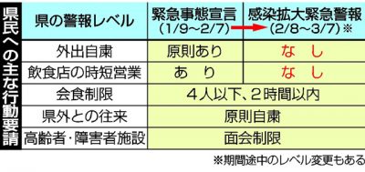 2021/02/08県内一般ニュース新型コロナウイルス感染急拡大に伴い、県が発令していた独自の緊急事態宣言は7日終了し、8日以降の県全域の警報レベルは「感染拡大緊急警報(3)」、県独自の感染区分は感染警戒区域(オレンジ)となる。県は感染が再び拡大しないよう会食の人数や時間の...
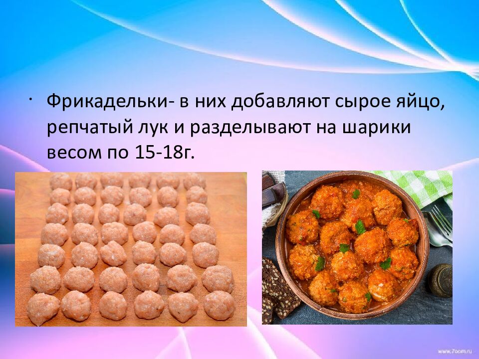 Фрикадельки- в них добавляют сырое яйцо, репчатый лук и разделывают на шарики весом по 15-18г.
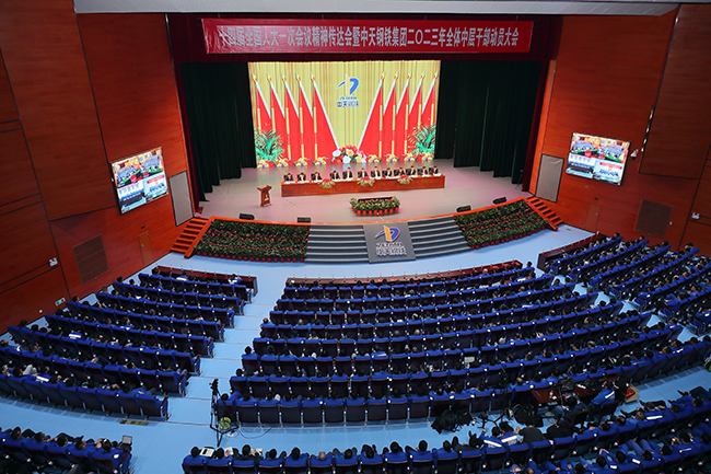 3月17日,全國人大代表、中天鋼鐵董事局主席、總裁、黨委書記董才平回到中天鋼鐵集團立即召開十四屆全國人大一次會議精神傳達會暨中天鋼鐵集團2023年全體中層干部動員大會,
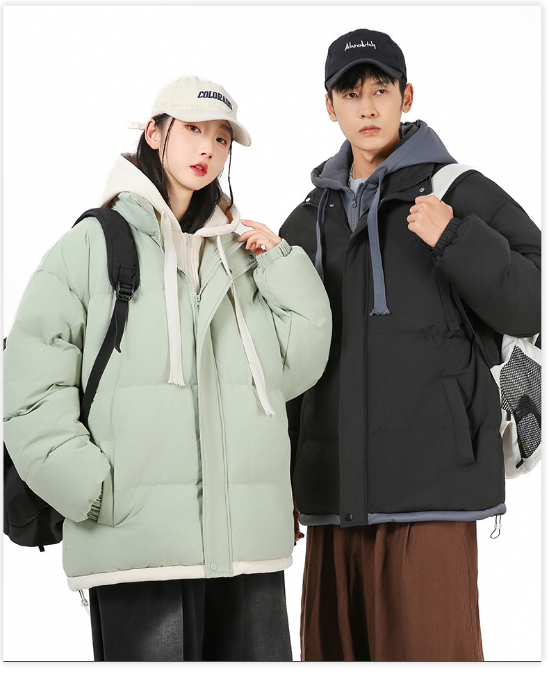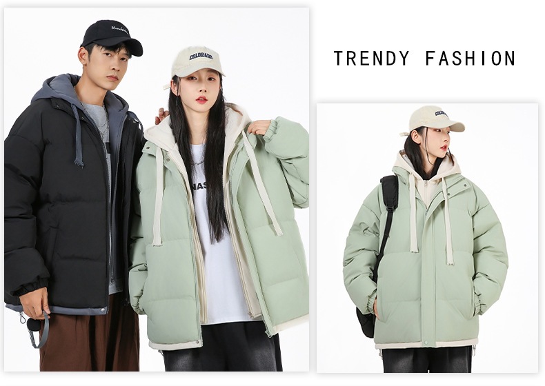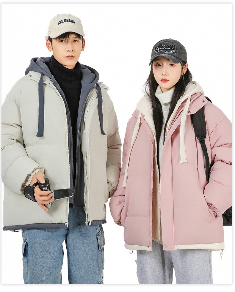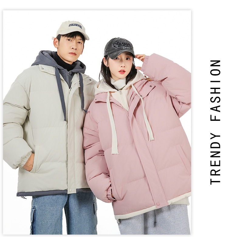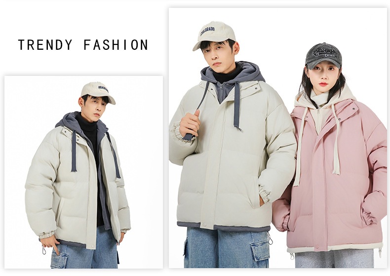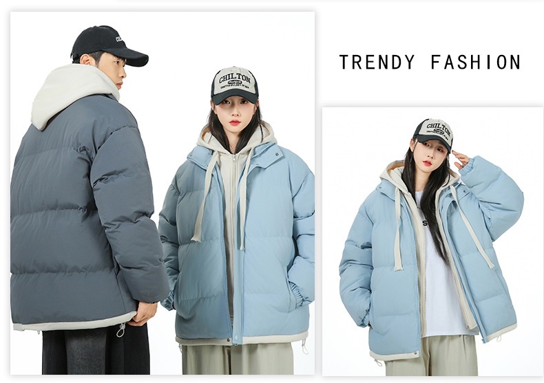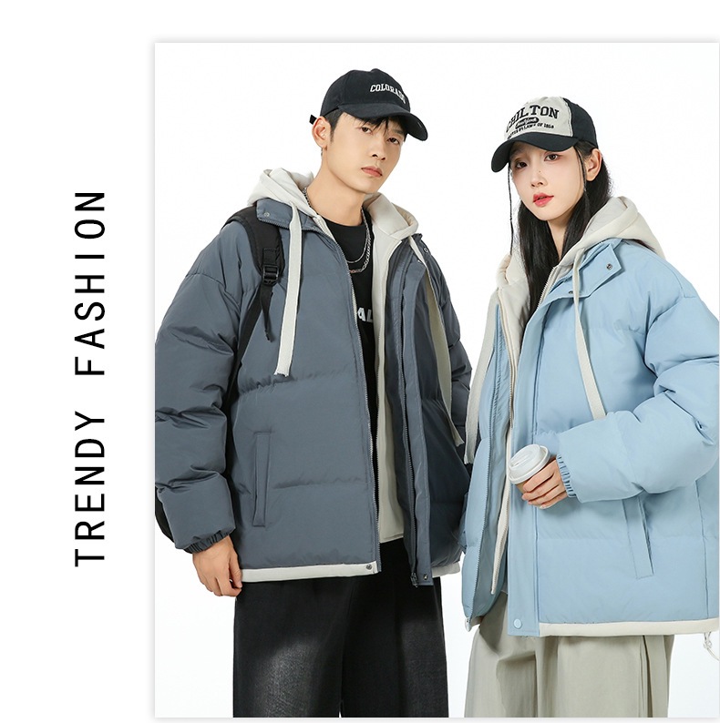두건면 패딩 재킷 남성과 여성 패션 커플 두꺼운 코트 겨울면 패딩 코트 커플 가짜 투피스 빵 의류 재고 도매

...

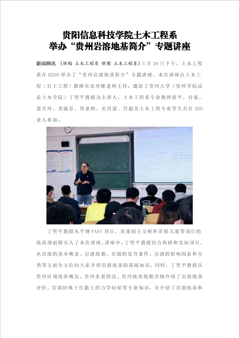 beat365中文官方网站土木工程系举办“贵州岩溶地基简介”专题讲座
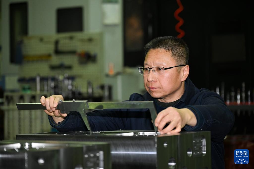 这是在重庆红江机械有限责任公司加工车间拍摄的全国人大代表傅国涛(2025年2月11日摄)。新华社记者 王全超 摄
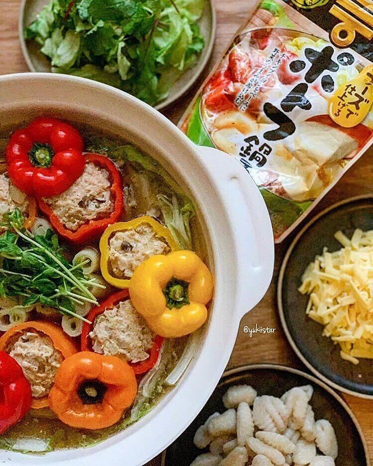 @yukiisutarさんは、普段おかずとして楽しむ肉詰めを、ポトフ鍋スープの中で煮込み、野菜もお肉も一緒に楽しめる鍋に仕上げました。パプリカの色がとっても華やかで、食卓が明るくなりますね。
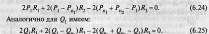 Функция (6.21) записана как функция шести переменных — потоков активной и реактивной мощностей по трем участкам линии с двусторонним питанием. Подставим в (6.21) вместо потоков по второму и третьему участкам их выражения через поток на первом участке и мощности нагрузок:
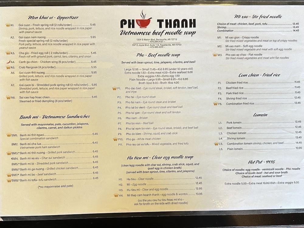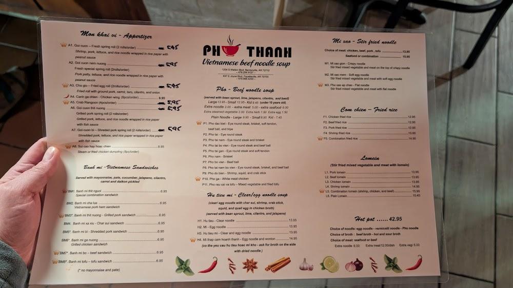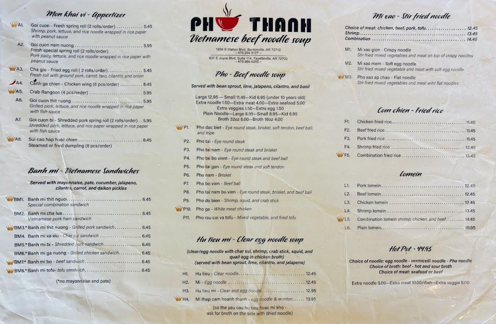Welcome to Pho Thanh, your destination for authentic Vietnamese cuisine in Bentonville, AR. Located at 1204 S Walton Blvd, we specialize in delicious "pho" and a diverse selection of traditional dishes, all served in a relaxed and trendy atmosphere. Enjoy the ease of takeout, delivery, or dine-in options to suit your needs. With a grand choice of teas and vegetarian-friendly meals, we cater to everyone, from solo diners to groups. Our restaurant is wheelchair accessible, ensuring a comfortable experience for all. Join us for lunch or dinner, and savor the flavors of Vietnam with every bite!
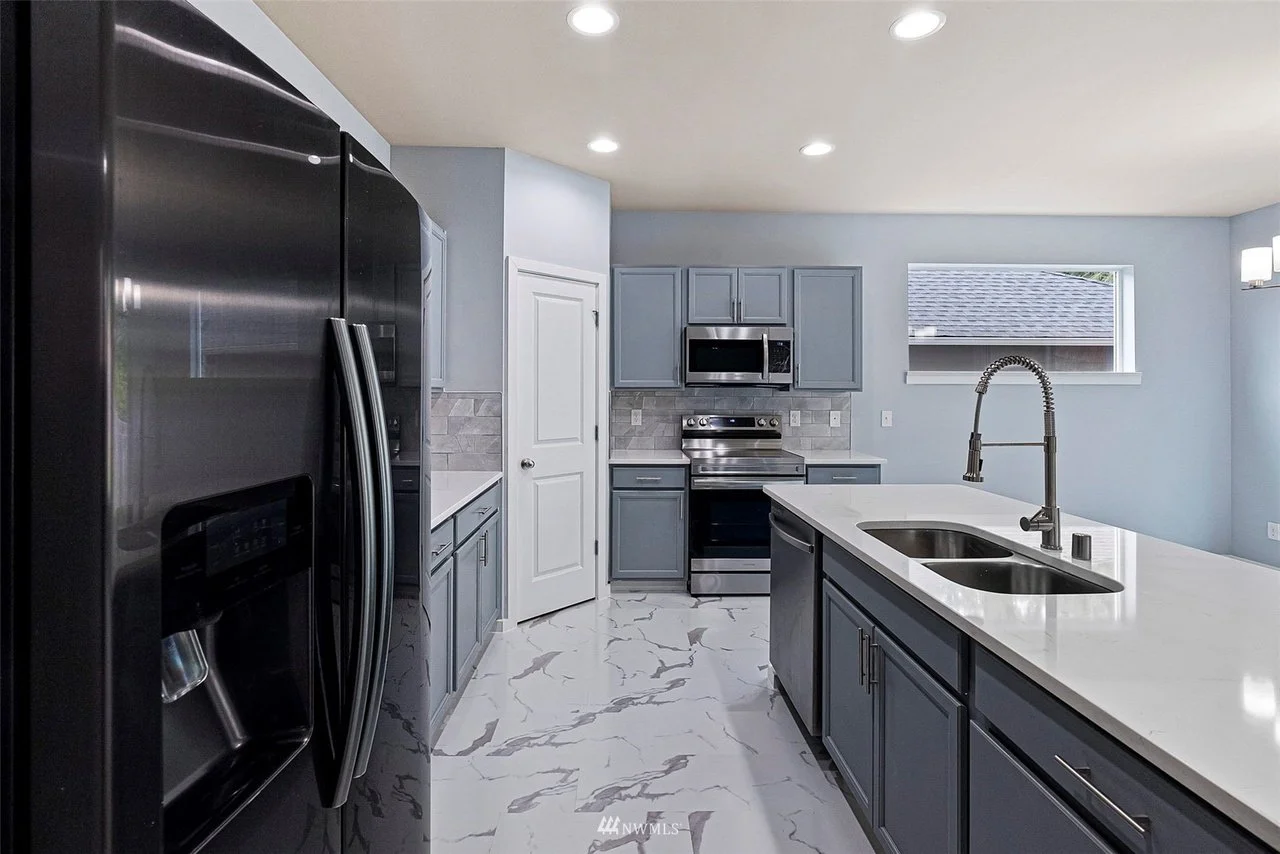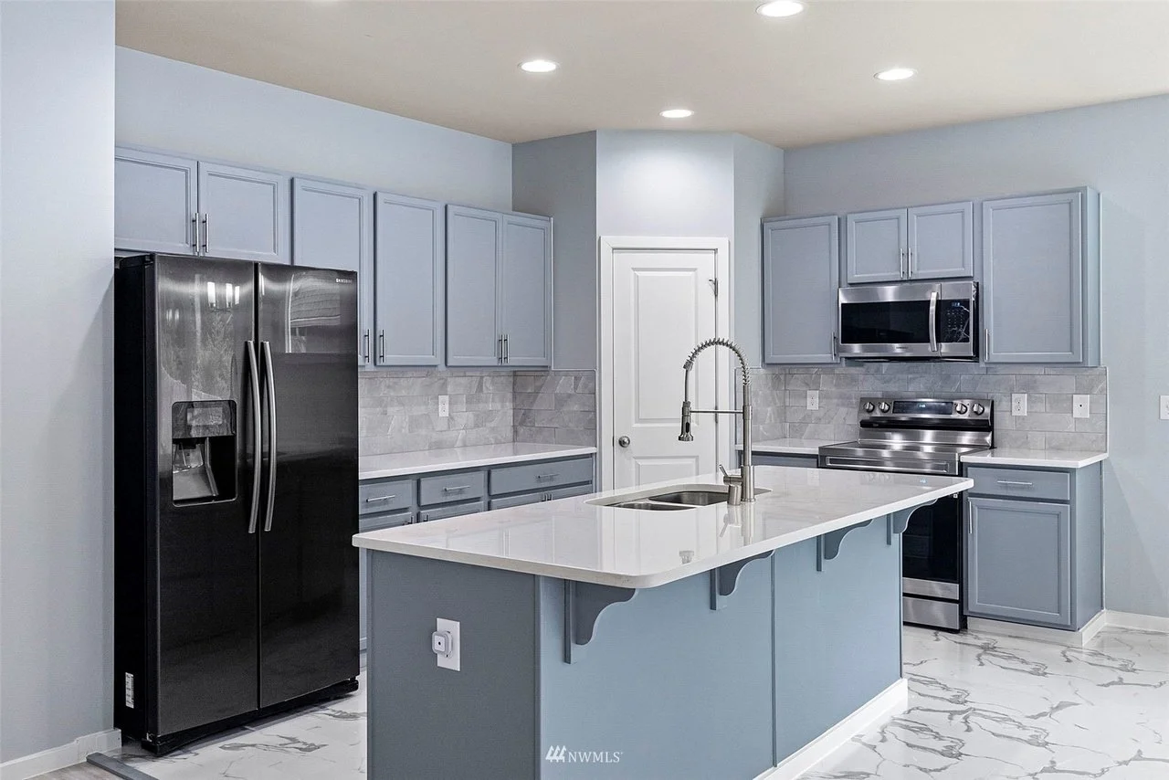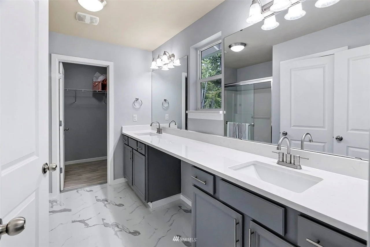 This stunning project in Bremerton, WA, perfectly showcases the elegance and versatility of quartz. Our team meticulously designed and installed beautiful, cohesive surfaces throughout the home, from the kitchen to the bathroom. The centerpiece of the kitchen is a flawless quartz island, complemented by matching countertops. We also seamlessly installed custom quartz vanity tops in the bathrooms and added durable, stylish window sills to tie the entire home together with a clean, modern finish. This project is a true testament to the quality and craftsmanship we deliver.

▶ [ACTIVITY] An exact copy is needed of the stretch above that opens with the line containing "Функция (6.21) записана" and closes with the line containing "Welcome to Pho"; the pictures are not part of it.

▶ [TASK RESPONSE]
 Функция (6.21) записана как функция шести переменных — потоков активной и реактивной мощностей по трем участкам линии с двусторонним питанием. Подставим в (6.21) вместо потоков по второму и третьему участкам их выражения через поток на первом участке и мощности нагрузок:
Welcome to Pho Thanh, your destination for authentic Vietnamese cuisine in Bentonville, AR. Located at 1204 S Walton Blvd, we specialize in delicious "pho" and a diverse selection of traditional dishes, all served in a relaxed and trendy atmosphere. Enjoy the ease of takeout, delivery, or dine-in options to suit your needs. With a grand choice of teas and vegetarian-friendly meals, we cater to everyone, from solo diners to groups. Our restaurant is wheelchair accessible, ensuring a comfortable experience for all. Join us for lunch or dinner, and savor the flavors of Vietnam with every bite!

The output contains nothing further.